[Dataset records]

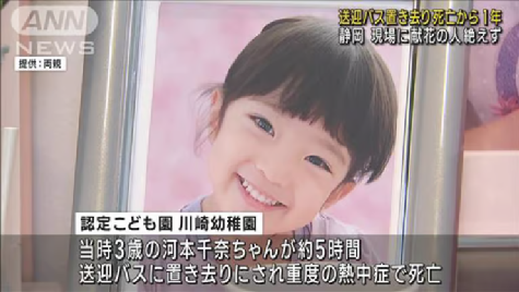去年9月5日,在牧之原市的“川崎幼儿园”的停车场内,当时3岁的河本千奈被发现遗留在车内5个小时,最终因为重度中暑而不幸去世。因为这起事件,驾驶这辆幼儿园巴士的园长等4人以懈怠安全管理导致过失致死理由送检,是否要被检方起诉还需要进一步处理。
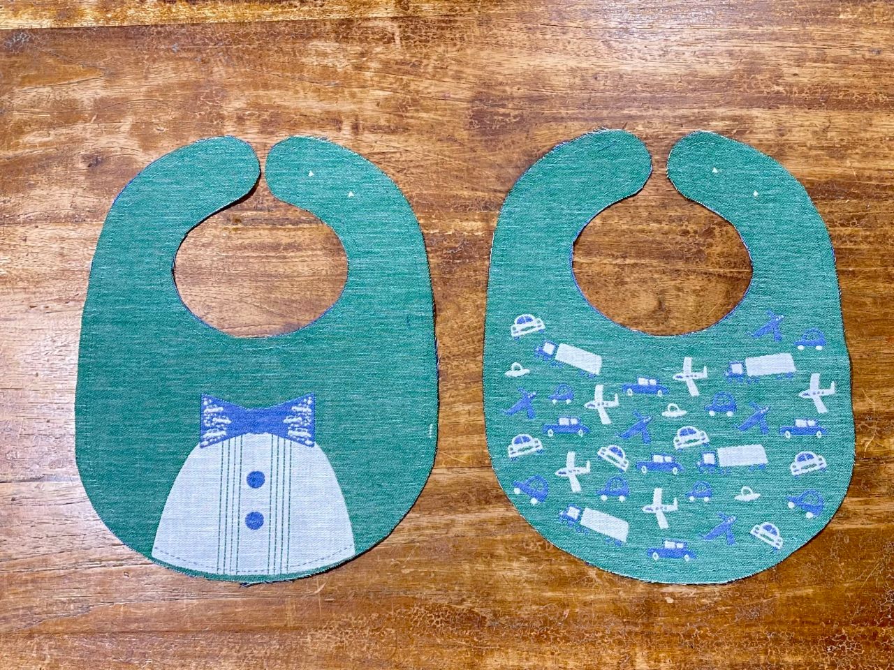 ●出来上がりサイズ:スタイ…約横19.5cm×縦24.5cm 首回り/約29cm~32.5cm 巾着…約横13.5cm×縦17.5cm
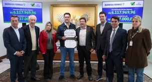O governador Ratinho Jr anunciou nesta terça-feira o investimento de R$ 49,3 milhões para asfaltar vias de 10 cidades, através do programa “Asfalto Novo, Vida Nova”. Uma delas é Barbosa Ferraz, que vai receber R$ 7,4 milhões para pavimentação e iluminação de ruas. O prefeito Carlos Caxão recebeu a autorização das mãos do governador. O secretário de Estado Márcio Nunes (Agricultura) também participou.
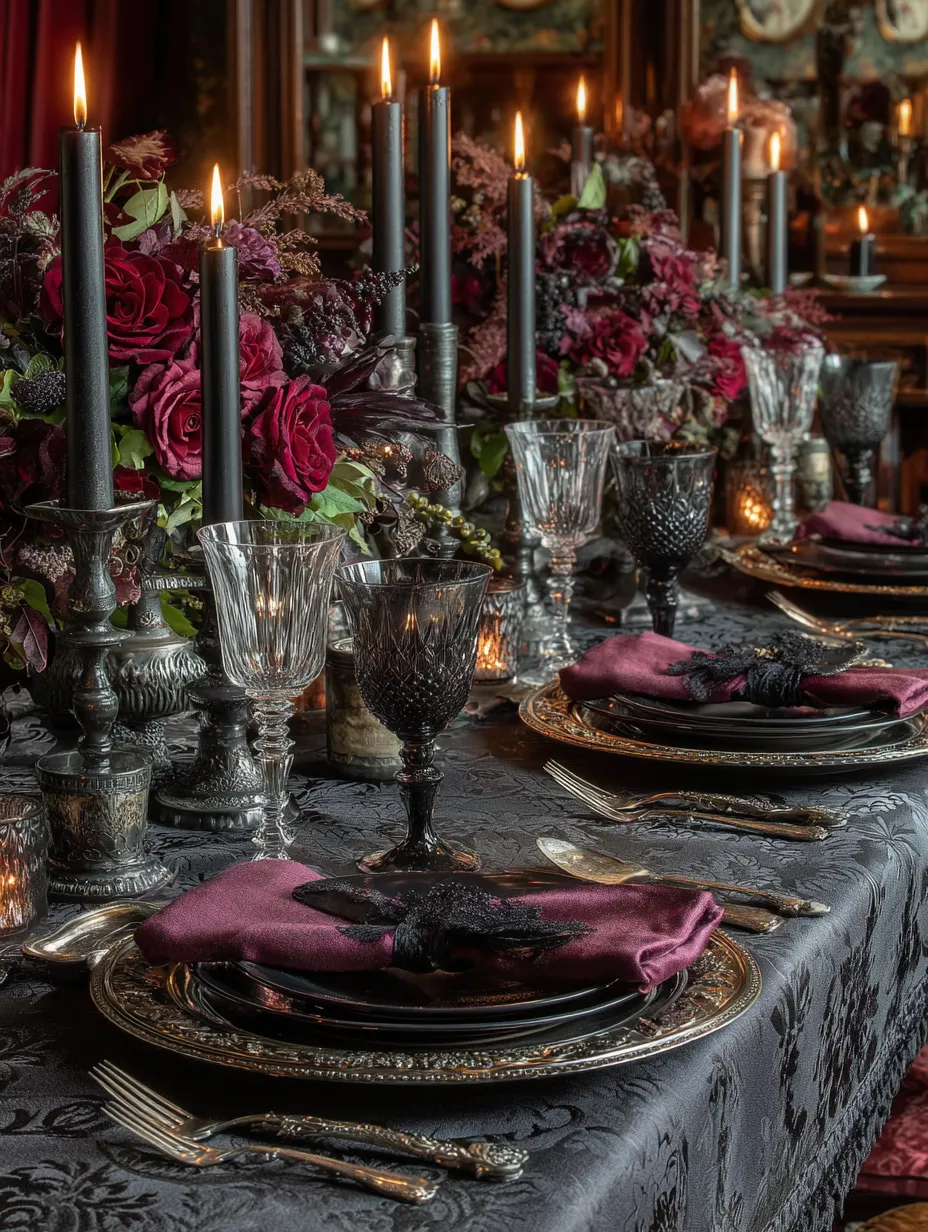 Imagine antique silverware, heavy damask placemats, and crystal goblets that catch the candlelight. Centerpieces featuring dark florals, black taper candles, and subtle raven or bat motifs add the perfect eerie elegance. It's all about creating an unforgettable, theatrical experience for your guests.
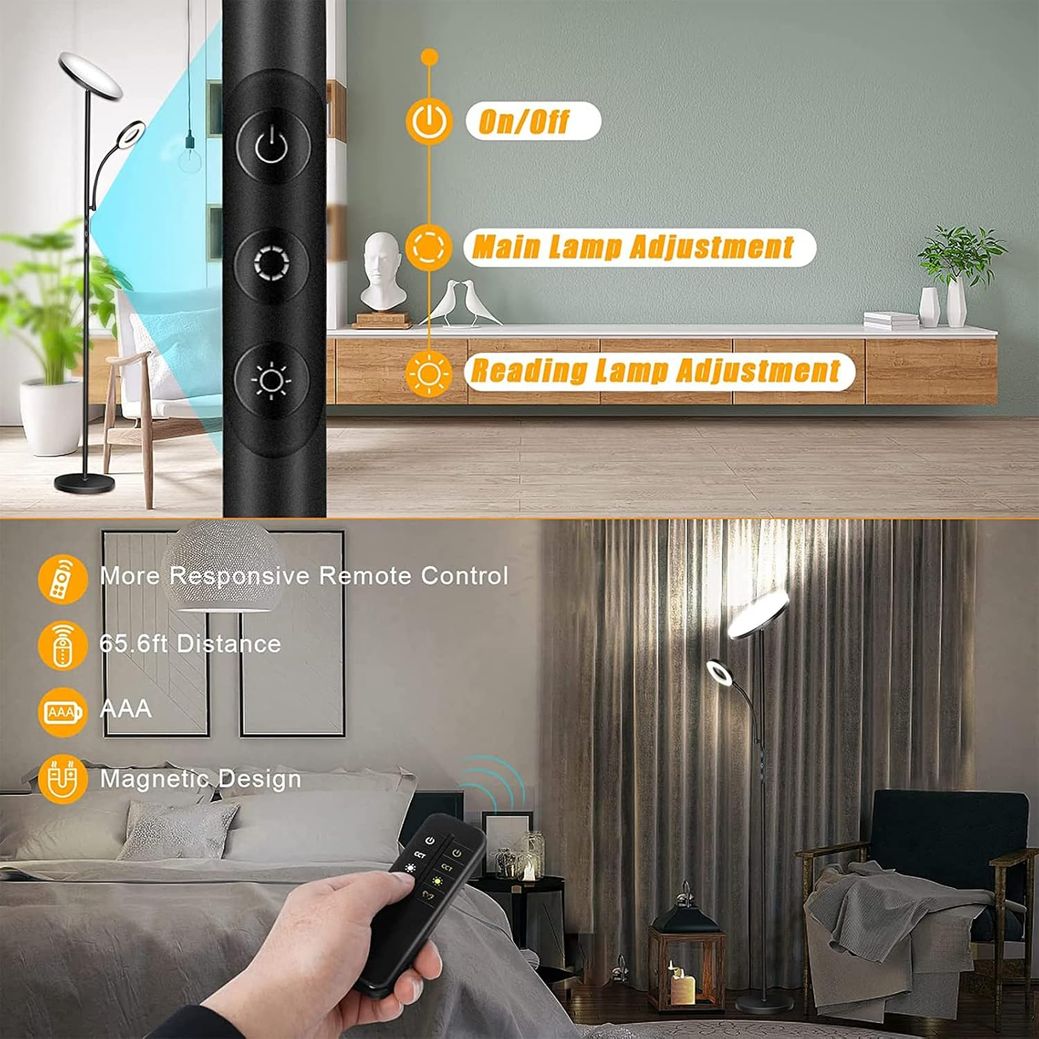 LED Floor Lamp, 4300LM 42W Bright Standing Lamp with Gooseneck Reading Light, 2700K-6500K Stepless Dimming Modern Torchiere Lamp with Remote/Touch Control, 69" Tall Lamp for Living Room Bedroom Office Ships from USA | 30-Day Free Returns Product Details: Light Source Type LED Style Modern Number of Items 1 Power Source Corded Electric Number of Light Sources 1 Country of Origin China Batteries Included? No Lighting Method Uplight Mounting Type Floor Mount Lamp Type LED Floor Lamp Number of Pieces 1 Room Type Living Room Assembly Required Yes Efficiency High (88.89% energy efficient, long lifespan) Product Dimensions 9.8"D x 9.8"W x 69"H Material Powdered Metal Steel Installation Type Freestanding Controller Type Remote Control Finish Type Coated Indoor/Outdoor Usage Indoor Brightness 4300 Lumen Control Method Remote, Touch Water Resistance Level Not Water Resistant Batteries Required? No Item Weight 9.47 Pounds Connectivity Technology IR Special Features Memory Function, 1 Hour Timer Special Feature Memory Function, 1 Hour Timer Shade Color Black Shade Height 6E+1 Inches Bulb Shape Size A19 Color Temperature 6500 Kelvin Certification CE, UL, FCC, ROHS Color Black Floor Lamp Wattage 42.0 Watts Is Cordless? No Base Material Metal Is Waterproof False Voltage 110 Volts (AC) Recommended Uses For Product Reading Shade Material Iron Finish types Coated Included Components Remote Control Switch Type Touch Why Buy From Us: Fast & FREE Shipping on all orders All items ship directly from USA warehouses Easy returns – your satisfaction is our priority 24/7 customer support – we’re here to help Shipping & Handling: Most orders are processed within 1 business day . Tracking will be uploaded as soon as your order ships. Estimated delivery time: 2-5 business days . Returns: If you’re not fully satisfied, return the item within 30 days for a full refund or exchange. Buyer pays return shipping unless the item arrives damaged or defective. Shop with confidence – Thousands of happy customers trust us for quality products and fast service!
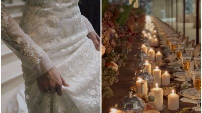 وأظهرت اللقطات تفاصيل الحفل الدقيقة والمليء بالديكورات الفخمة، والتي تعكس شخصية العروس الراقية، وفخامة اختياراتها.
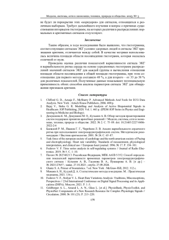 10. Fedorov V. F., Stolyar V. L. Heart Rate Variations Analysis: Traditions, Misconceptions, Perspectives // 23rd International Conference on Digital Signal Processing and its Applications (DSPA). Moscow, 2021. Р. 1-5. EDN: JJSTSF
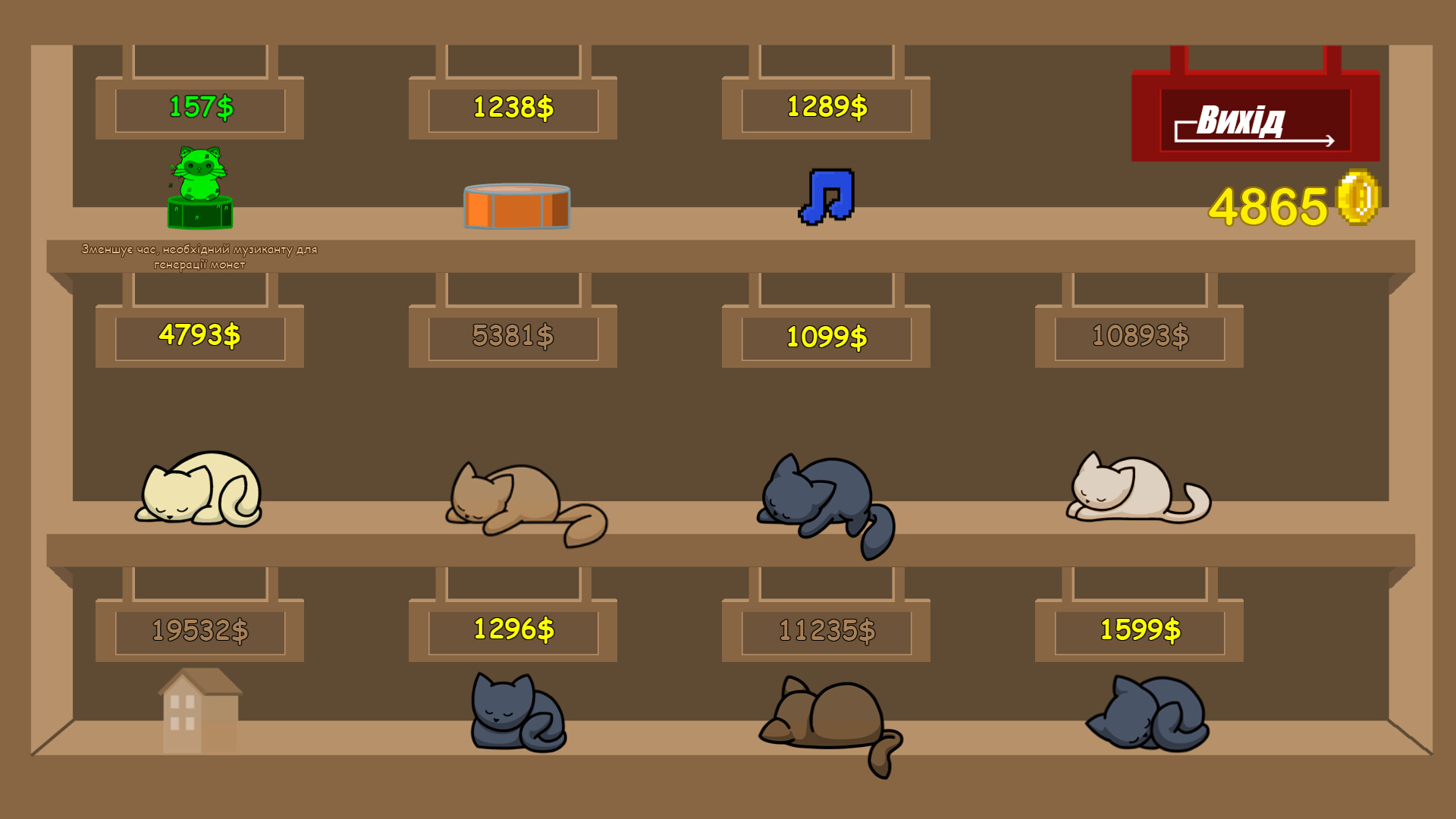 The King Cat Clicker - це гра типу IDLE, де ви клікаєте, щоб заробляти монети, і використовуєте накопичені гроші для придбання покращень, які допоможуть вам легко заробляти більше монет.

WORK TO COMPLETE>
Would you return all of the entries unchanged while omitting the images?

TASK RESULT>
去年9月5日,在牧之原市的“川崎幼儿园”的停车场内,当时3岁的河本千奈被发现遗留在车内5个小时,最终因为重度中暑而不幸去世。因为这起事件,驾驶这辆幼儿园巴士的园长等4人以懈怠安全管理导致过失致死理由送检,是否要被检方起诉还需要进一步处理。
 ●出来上がりサイズ:スタイ…約横19.5cm×縦24.5cm 首回り/約29cm~32.5cm 巾着…約横13.5cm×縦17.5cm
O governador Ratinho Jr anunciou nesta terça-feira o investimento de R$ 49,3 milhões para asfaltar vias de 10 cidades, através do programa “Asfalto Novo, Vida Nova”. Uma delas é Barbosa Ferraz, que vai receber R$ 7,4 milhões para pavimentação e iluminação de ruas. O prefeito Carlos Caxão recebeu a autorização das mãos do governador. O secretário de Estado Márcio Nunes (Agricultura) também participou.
 Imagine antique silverware, heavy damask placemats, and crystal goblets that catch the candlelight. Centerpieces featuring dark florals, black taper candles, and subtle raven or bat motifs add the perfect eerie elegance. It's all about creating an unforgettable, theatrical experience for your guests.
 LED Floor Lamp, 4300LM 42W Bright Standing Lamp with Gooseneck Reading Light, 2700K-6500K Stepless Dimming Modern Torchiere Lamp with Remote/Touch Control, 69" Tall Lamp for Living Room Bedroom Office Ships from USA | 30-Day Free Returns Product Details: Light Source Type LED Style Modern Number of Items 1 Power Source Corded Electric Number of Light Sources 1 Country of Origin China Batteries Included? No Lighting Method Uplight Mounting Type Floor Mount Lamp Type LED Floor Lamp Number of Pieces 1 Room Type Living Room Assembly Required Yes Efficiency High (88.89% energy efficient, long lifespan) Product Dimensions 9.8"D x 9.8"W x 69"H Material Powdered Metal Steel Installation Type Freestanding Controller Type Remote Control Finish Type Coated Indoor/Outdoor Usage Indoor Brightness 4300 Lumen Control Method Remote, Touch Water Resistance Level Not Water Resistant Batteries Required? No Item Weight 9.47 Pounds Connectivity Technology IR Special Features Memory Function, 1 Hour Timer Special Feature Memory Function, 1 Hour Timer Shade Color Black Shade Height 6E+1 Inches Bulb Shape Size A19 Color Temperature 6500 Kelvin Certification CE, UL, FCC, ROHS Color Black Floor Lamp Wattage 42.0 Watts Is Cordless? No Base Material Metal Is Waterproof False Voltage 110 Volts (AC) Recommended Uses For Product Reading Shade Material Iron Finish types Coated Included Components Remote Control Switch Type Touch Why Buy From Us: Fast & FREE Shipping on all orders All items ship directly from USA warehouses Easy returns – your satisfaction is our priority 24/7 customer support – we’re here to help Shipping & Handling: Most orders are processed within 1 business day . Tracking will be uploaded as soon as your order ships. Estimated delivery time: 2-5 business days . Returns: If you’re not fully satisfied, return the item within 30 days for a full refund or exchange. Buyer pays return shipping unless the item arrives damaged or defective. Shop with confidence – Thousands of happy customers trust us for quality products and fast service!
 وأظهرت اللقطات تفاصيل الحفل الدقيقة والمليء بالديكورات الفخمة، والتي تعكس شخصية العروس الراقية، وفخامة اختياراتها.
 10. Fedorov V. F., Stolyar V. L. Heart Rate Variations Analysis: Traditions, Misconceptions, Perspectives // 23rd International Conference on Digital Signal Processing and its Applications (DSPA). Moscow, 2021. Р. 1-5. EDN: JJSTSF
 The King Cat Clicker - це гра типу IDLE, де ви клікаєте, щоб заробляти монети, і використовуєте накопичені гроші для придбання покращень, які допоможуть вам легко заробляти більше монет.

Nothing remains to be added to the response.